The original authors are usually gone. Institutional knowledge of why specific choices were made has evaporated. The code looks mysterious because the context has been lost.

Tests are often missing or inadequate. Without tests, every change is a leap of faith. Refactoring becomes terrifying because you cannot verify you have not broken something subtle.

Dependencies are tangled. The code calls other code that calls other code, touching parts of the system no one remembers exist. Refactoring one module may break something far away.

Production depends on the code. Legacy systems often run critical business functions. The cost of breaking them is high. Caution is reasonable but compounds the inertia.

These factors together are what make legacy refactoring hard in practice. AI does not eliminate any of them, but it can help you work through them more efficiently if you respect them rather than pretending they do not apply.

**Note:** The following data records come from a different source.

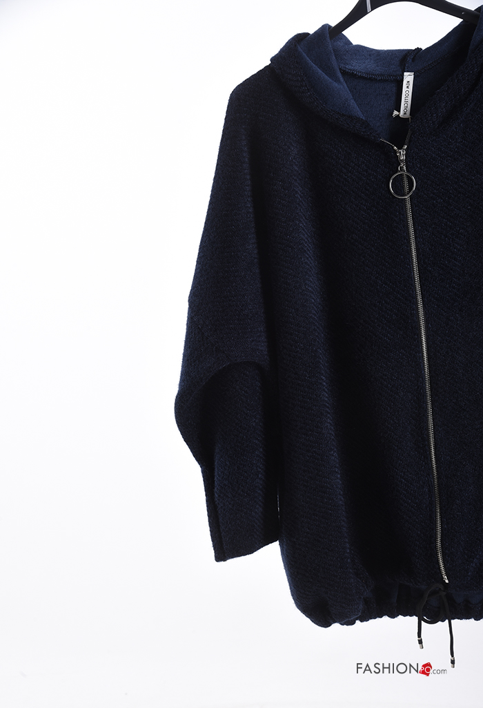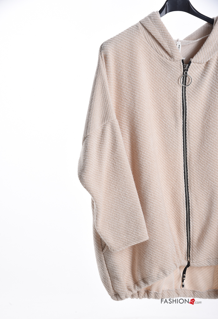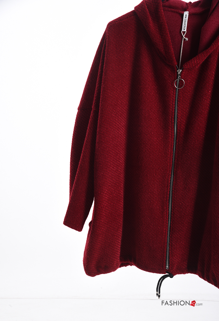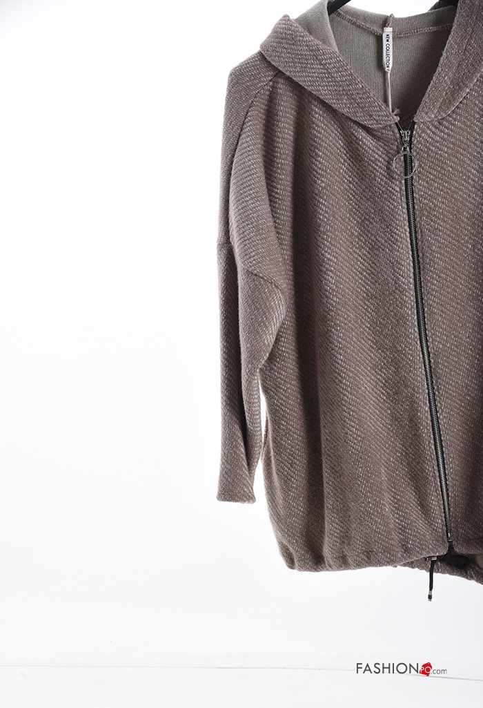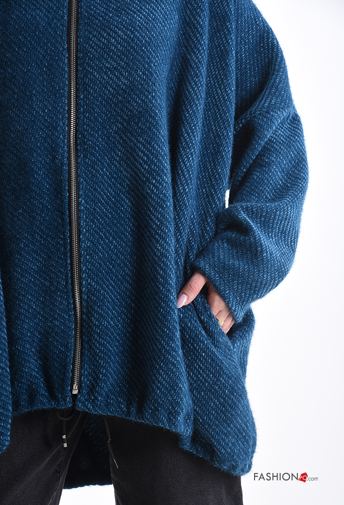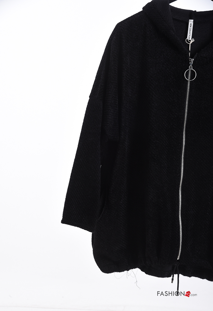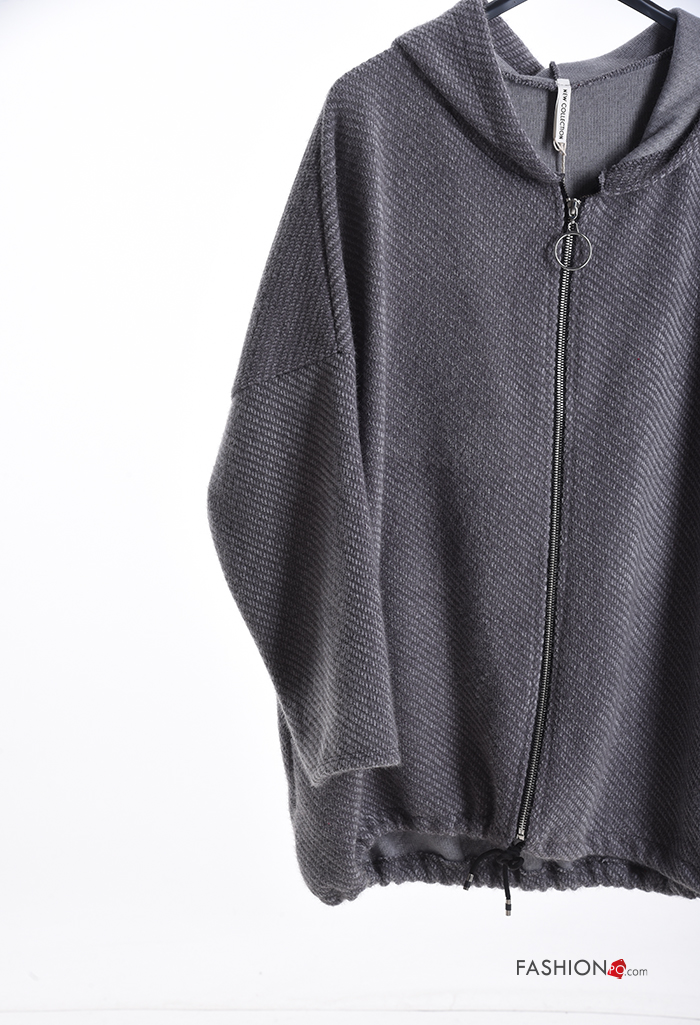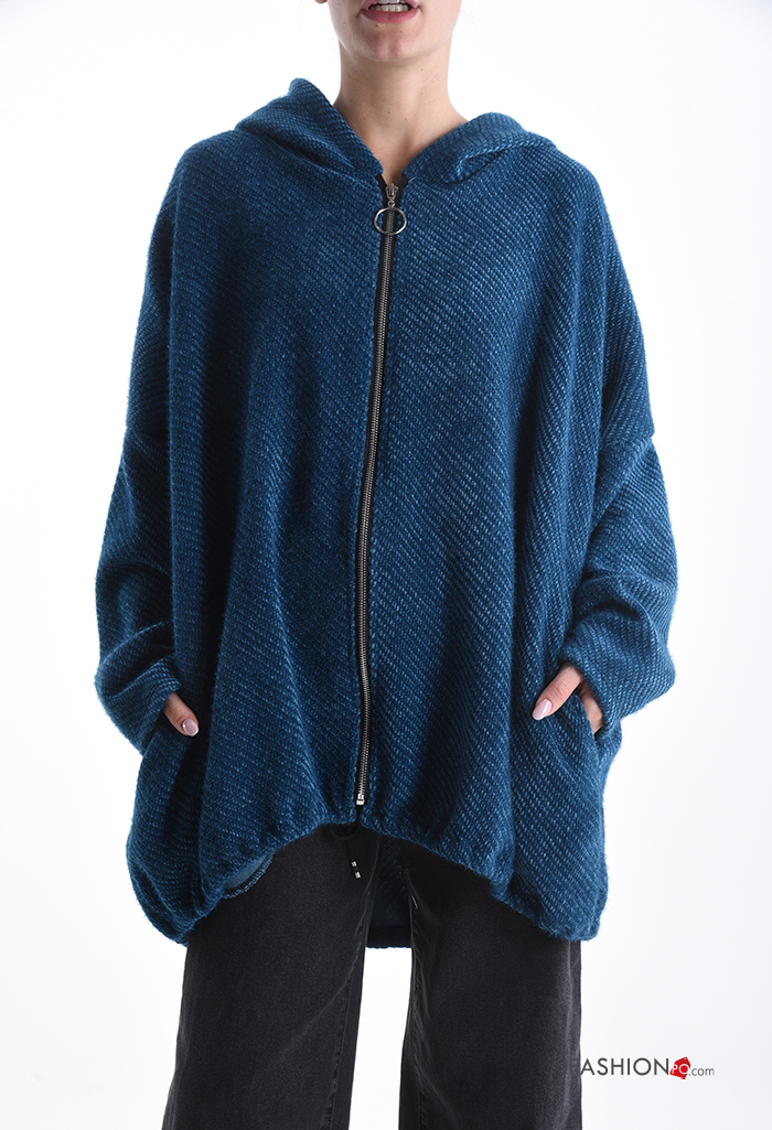Felpa oversize maniche lunghe con zip con tasche con cappuccio
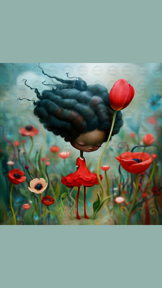 Black Girl Art - Kids Digital Art - Velvet's View - Tressa and Her Tulips 1024
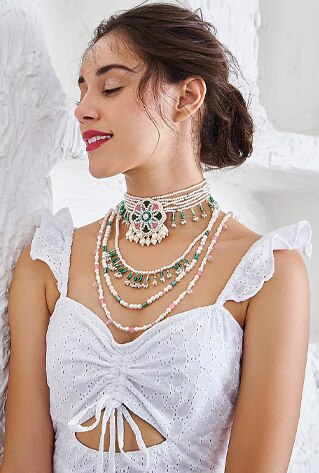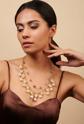Pearls are an eternal part of your bauble box and will continue to resonate with elegance even as trends evolve. While it may have been an emotional purchase for our parents and ancestors, millennials are keener to experiment with it. Case in point: Meticulously aligned glimpses of pearls define brand Amama in the most au courant way. The designs cater to both the divided perspectives—minimalists and maximalists. Place your bets on the metallic chain and pearl choker pairings. Or simply keep going the neo-classic route with hand embroidered Indian choker and layered necklace rendered in dainty pearls.

The safety principle: tests before changes

Before refactoring anything in a legacy codebase, build a test harness. This is not negotiable. Refactoring without tests is gambling.

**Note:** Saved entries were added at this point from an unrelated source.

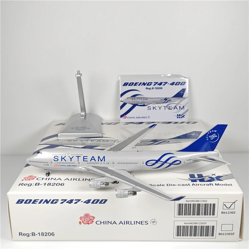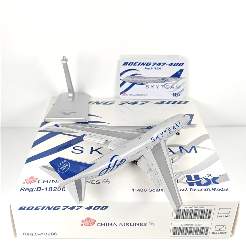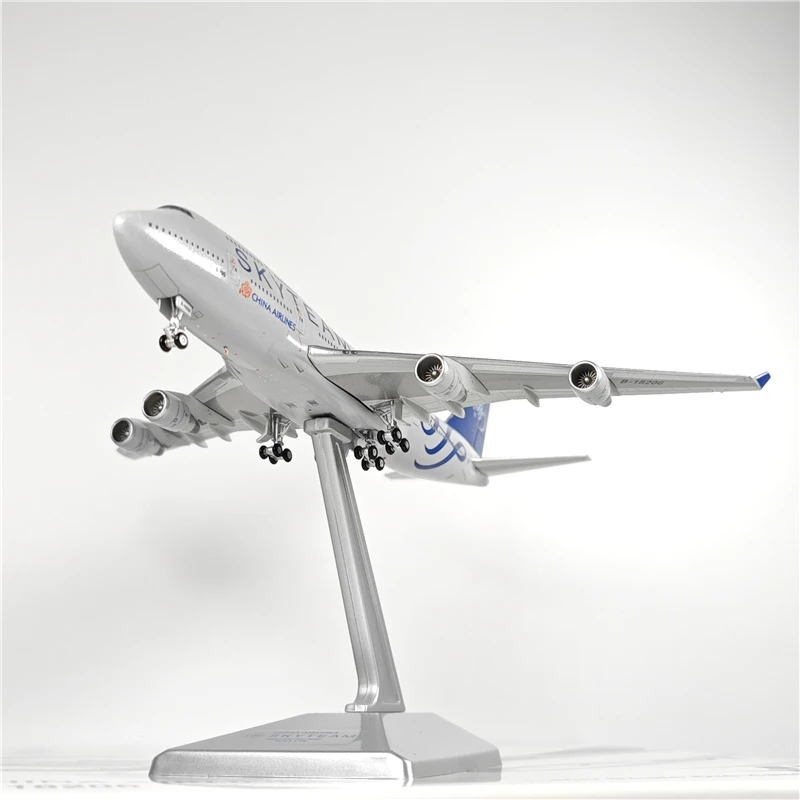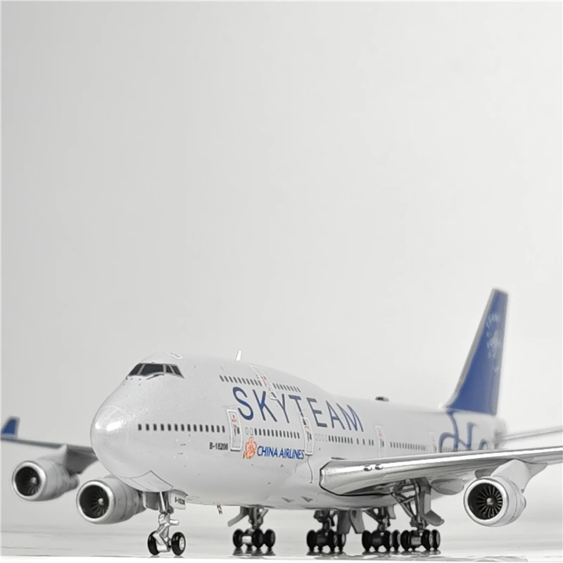 This 1:400 scale diecast model of a Boeing B747-400 measures approximately 17 cm in length, 15 cm in width, and 5 cm in height. Crafted from metal, plastic, and rubber, it features detailed wing flap components in “Wing Flap Ver.” color, with a sleek white finish and glossy surface that mimics the metallic sheen of the real aircraft. The model showcases authentic branding such as “SKYTEAM” and “AIRLINES” along the fuselage, complemented by a vibrant blue tail fin with markings. Designed for collectors aged 14 and above, it offers a realistic and visually striking display piece, complete with an original color box for presentation.
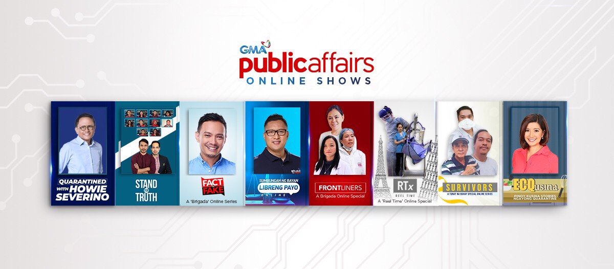 Available on various online platforms, these online shows include “Quarantined with Howie Severino,” “Stand for Truth,” “Fact or Fake with Joseph Morong,” “Sumbungan ng Bayan Libreng Payo Online,” “Frontliners: A Brigada Special Online Series,” “RTx,” “Survivors,” and “ECQusina: Pinoy Kusina Stories Ngayong Quarantine.” Some of these original shows feature stories that highlight Filipinos’ strength and ingenuity, as well as offer public service that is a trademark of GMA News and Public Affairs.
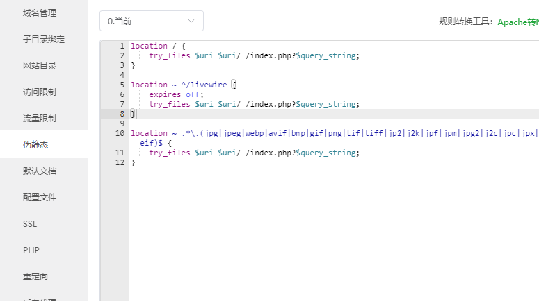 然后设置伪静态,代码如下
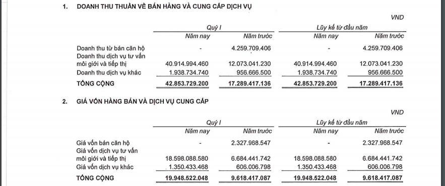Trong đó, doanh thu thuần ghi nhận hơn 13,6 tỷ đồng. Con số này giảm gần 4,6 lần so với cùng kỳ năm 2019 và cũng giảm hơn 20% so với quý liền trước.
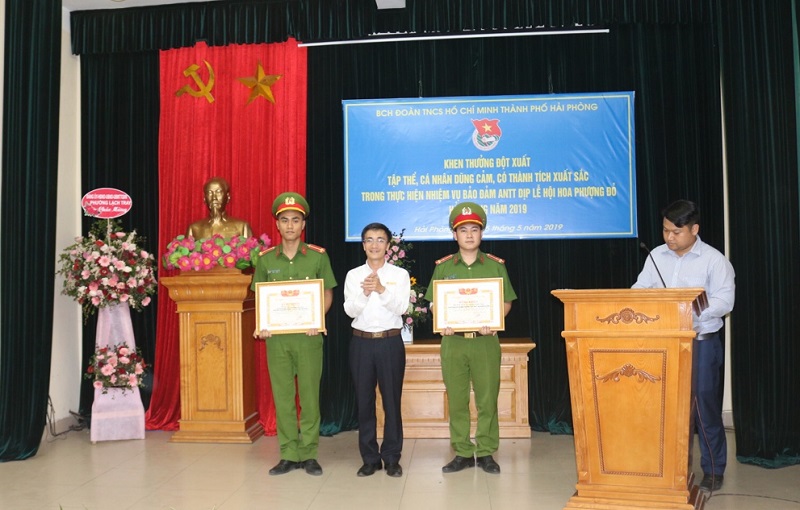 Kịp thời biểu dương Thượng úy Đỗ Thế Văn và đồng đội, Thành đoàn Hải Phòng vừa tổ chức khen thưởng đột xuất tập thể Chi đoàn CAP Lạch Tray và cá nhân đồng chí Đỗ Thế Văn về thành tích xuất sắc trong thực hiện nhiệm vụ bảo đảm ANTT dịp Lễ hội Hoa phượng đỏ Hải Phòng năm 2019.
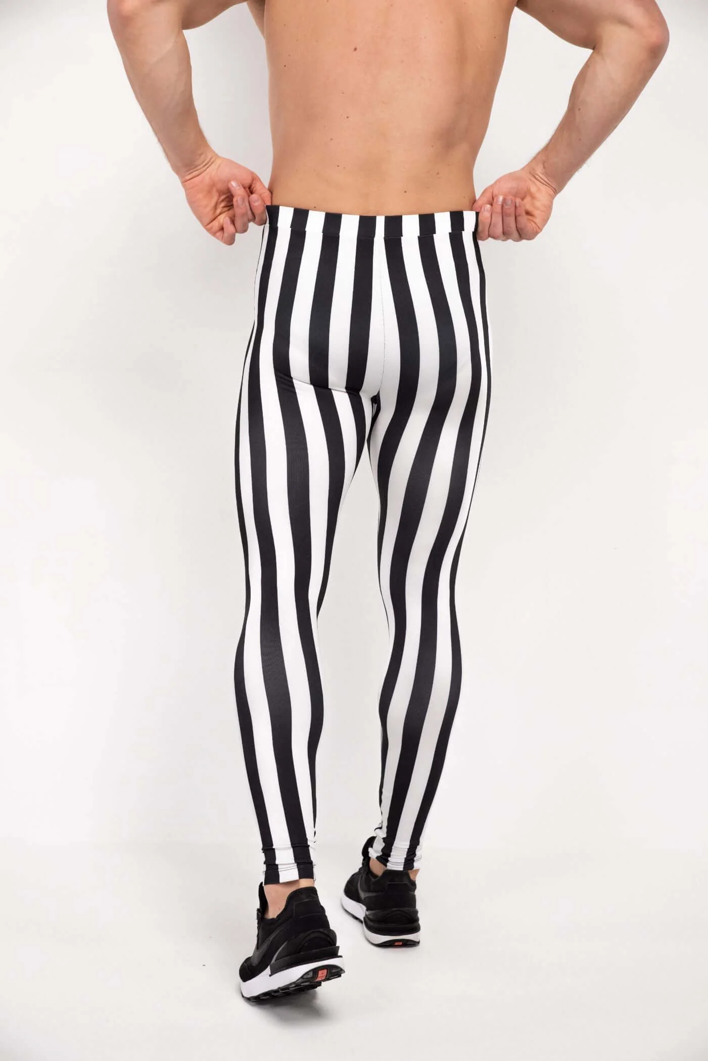 - Description: Black & White Striped Men's Leggings

The tests you need are characterisation tests — tests that document what the code currently does, without asserting what it should do. The goal is to freeze the current behaviour so that your refactoring cannot change it.

AI is particularly good at writing characterisation tests. Given a function, you can ask the AI to generate tests that exercise the function with representative inputs and capture the current outputs as assertions. Run the tests against the current code to confirm they pass, then use them as a safety net while refactoring.

The investment in a test harness often pays back many times over. A week spent characterising a legacy module's behaviour makes every subsequent refactoring attempt safe and verifiable. Without this investment, every change carries risk; with it, the risk shrinks dramatically.

Mapping the blast radius

Before refactoring a module, understand how it connects to the rest of the system. AI can help here by analysing the code and producing a dependency map.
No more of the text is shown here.